Не из–за того, что <<роман этот возмутил Пушкина своим квазипатриотизмом>>, как утверждается в комментариях (хотя и из–за того — тоже). Не из–за того, что он <<согласился с мнением Вяземского о том, что в «Рославлеве» Загоскина «Нет истины ни в одной мысли, ни в одном чувстве, ни в одном положении»>> [8, 877] (хотя и из–за того — тоже).

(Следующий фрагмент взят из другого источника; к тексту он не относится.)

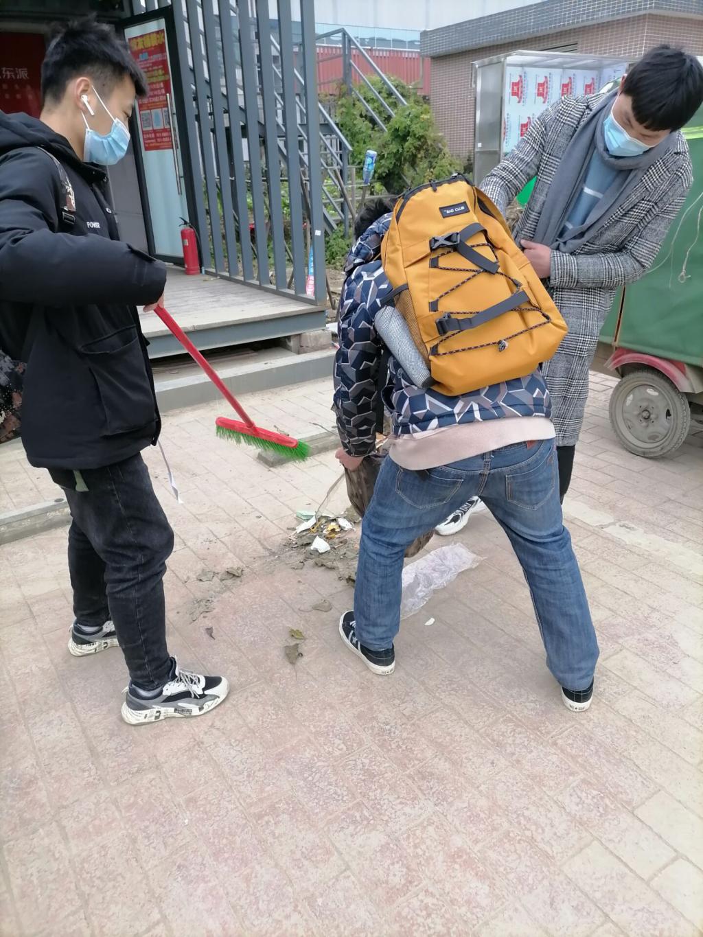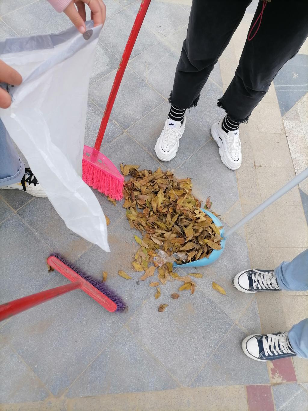 活动开始,青协负责人刘子豪对本次义工活动相关工作进行安排。随后带领各班进行签到,之后同学们投身工作之中。在清扫完3楼教室与走廊后,同学们听从负责人安排对1楼的花园和停车场进行了清扫。同学们有的负责戴着手套捡烟头,有的则负责用扫帚清扫落叶。经过大家一番努力合作后,环境焕然一新。最后,进行了活动的签退、义工服务时间的记录以及合照留念。

Разные концепции России были у Загоскина и Пушкина. У Загоскина — что Россия стала равной великим европейским странам. У Пушкина же — что у России «высокий жребий». Это, пожалуй, выше, чем у других великих. При всем своем могуществе и именно вследствие него она, Россия, — проводник доброты и залог мира в мире, международного консенсуса. Во всяком случае, призвана к этому.
Стихотворения 1831‑го года заканчиваются сочинением, посвященным юбилею: 20-летию со дня открытия лицея. Уж куда, казалось бы, консенсусная тема, и где там, — если тогда конснсус же и был идеалом Пушкина, — увидеть в этом стихотворении нечто, не «в лоб» сказанное.
Однако вчитайтесь.
Почему? — Из текста, воспринятого «в лоб» видно, что свою общность лицеисты стали видеть в том, что это общность смертников. Им только–только перевалило за тридцать лет, а шести уже нет в живых. Этому обстоятельству так или иначе посвящены пять из шести куплетов. И естественно, что лицеистам не хочется, раз так, встречаться. Не хочется и переживать свою, живых, общность с мертвецами. Такого консенсуса как–то не хочется.
Что лирический герой противопоставляет названной тенденции к разобщенности живых в шестом куплете?
Предлагается какой–то абсурд. Как можно «новых жертв уж не страшиться»? Как!? — Они бессмертными стать должны, чтоб не страшиться? Или что: если не физически, то духовно бессмертными, что ли, стать? — Сомнительно. О себе он мог так думать, чувствуя свою гениальность, но — не о других. Так что? Пустозвонство это? Пушкин — пустозвон… — Немыслимо. Впрочем… Само легкомыслие есть мудрость, если оно философское: а что остается, мол.
Итак, перед нами опять столкновение противоположностей: легкомыслие в шестом куплете с, так сказать, тяжеломыслием в пяти предыдущих.
Что дает такое столкновение? Нельзя ли подумать, что, так сказать, геометрическая сумма столь разнонаправленных средств воздействия на нас дает в результате некое сожаление, что слишком уж земное объединяло лицеистов когда–то, и неплохо бы, чтоб оно перерастало в духовное, нетленное. Но… Нет того. А жаль.